Your goal: Transcribe all the lines below exactly. Omit the pictures.
START Given information
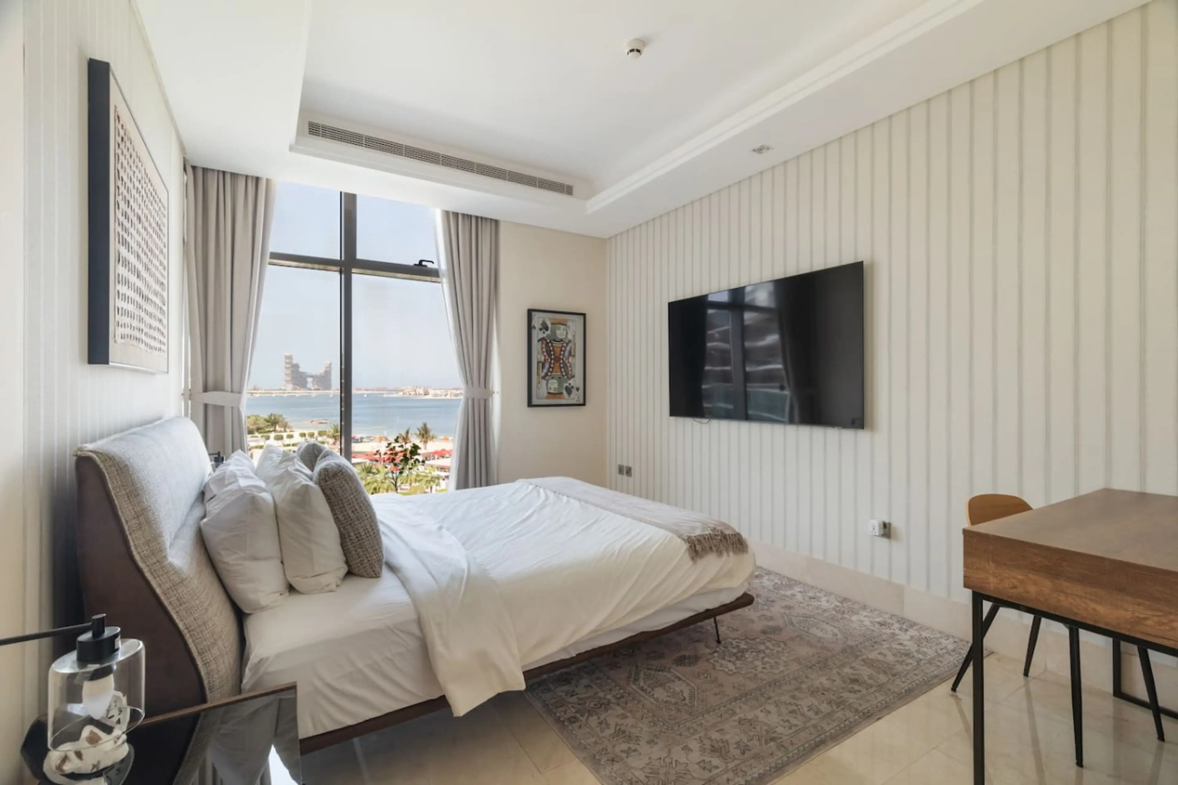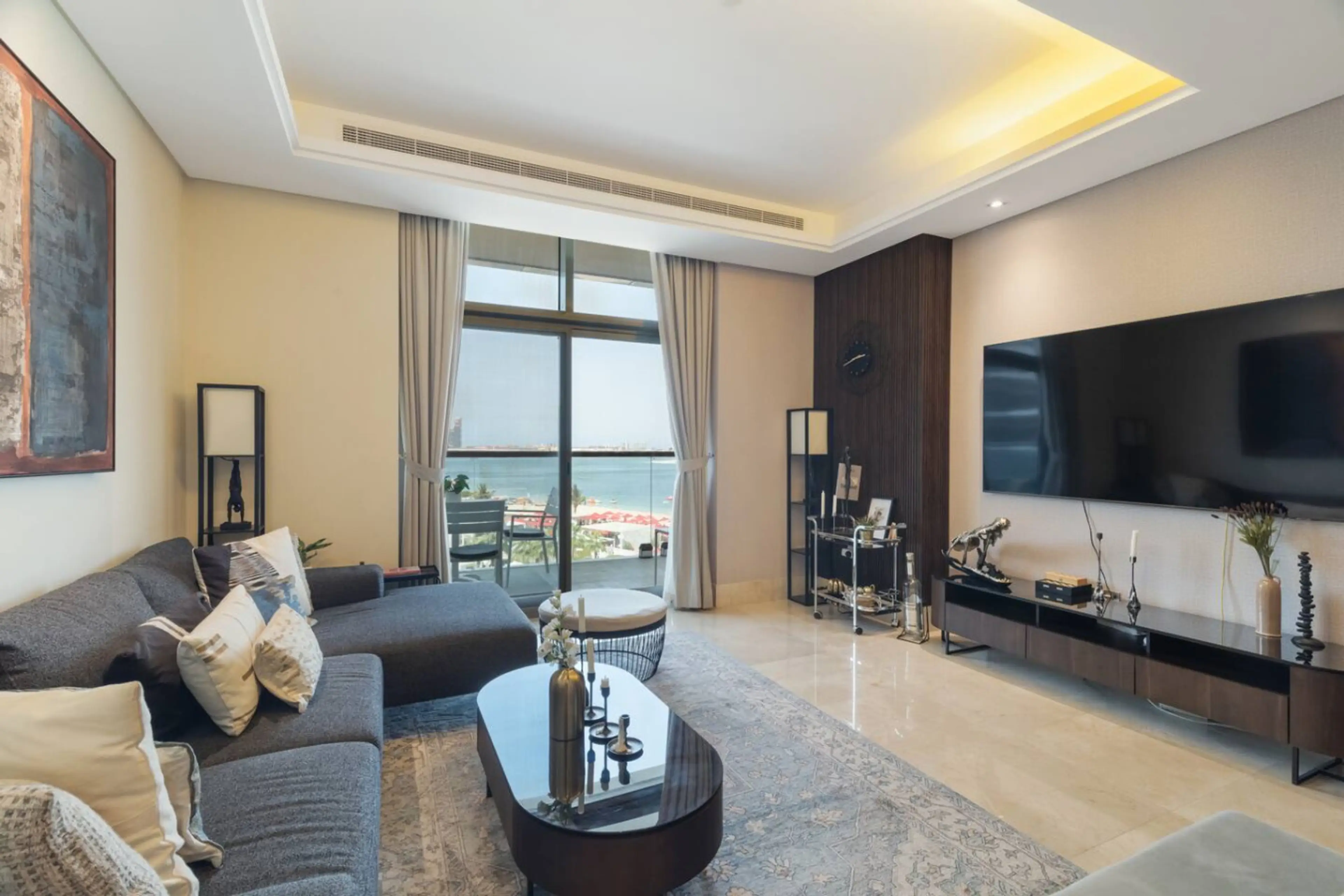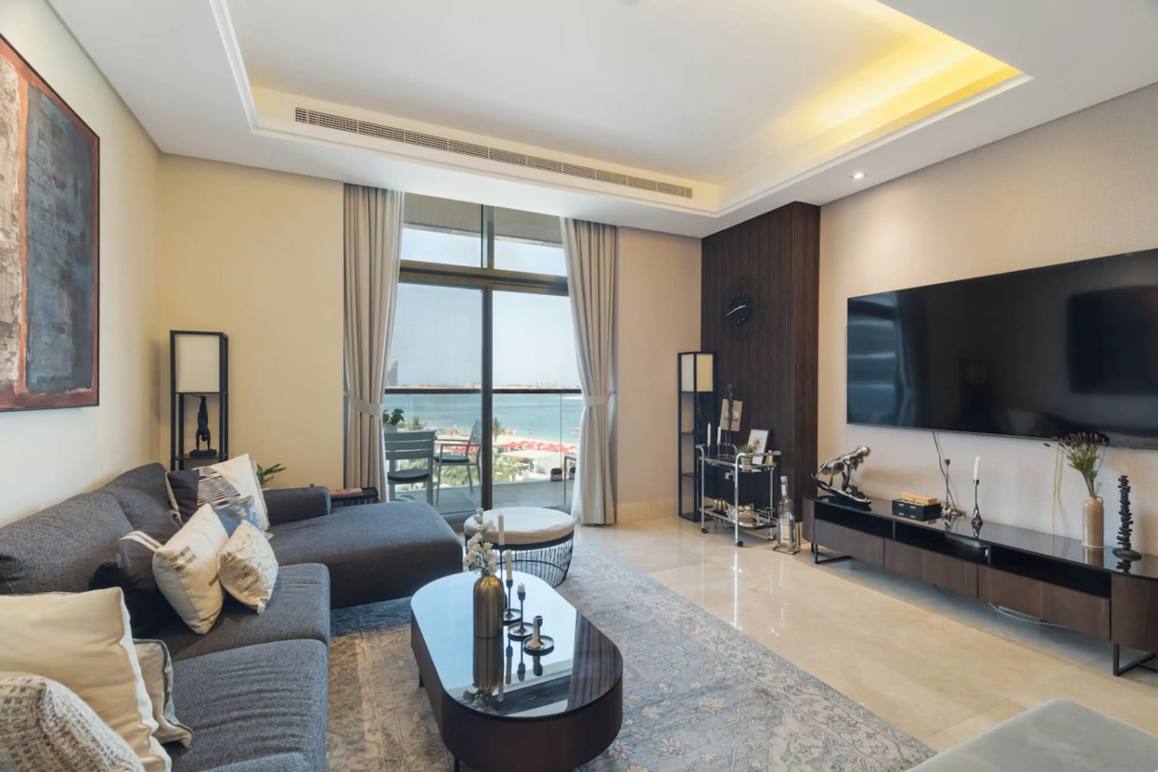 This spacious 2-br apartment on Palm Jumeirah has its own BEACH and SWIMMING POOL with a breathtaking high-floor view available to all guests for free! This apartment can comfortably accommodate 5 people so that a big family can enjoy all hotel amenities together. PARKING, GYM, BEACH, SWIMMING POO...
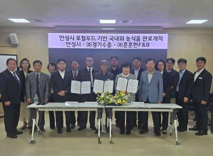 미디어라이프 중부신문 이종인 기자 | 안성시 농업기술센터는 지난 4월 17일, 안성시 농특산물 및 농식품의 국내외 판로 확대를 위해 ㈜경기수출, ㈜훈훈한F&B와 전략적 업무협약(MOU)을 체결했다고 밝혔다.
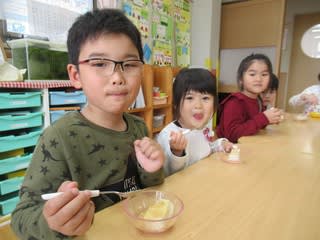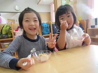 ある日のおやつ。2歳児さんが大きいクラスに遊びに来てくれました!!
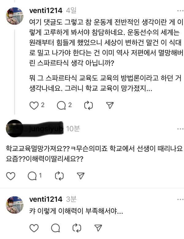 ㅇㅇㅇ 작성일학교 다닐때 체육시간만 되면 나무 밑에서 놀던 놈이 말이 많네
END Given information
Solution to the problem:
 This spacious 2-br apartment on Palm Jumeirah has its own BEACH and SWIMMING POOL with a breathtaking high-floor view available to all guests for free! This apartment can comfortably accommodate 5 people so that a big family can enjoy all hotel amenities together. PARKING, GYM, BEACH, SWIMMING POO...
 미디어라이프 중부신문 이종인 기자 | 안성시 농업기술센터는 지난 4월 17일, 안성시 농특산물 및 농식품의 국내외 판로 확대를 위해 ㈜경기수출, ㈜훈훈한F&B와 전략적 업무협약(MOU)을 체결했다고 밝혔다.
 ある日のおやつ。2歳児さんが大きいクラスに遊びに来てくれました!!
 ㅇㅇㅇ 작성일학교 다닐때 체육시간만 되면 나무 밑에서 놀던 놈이 말이 많네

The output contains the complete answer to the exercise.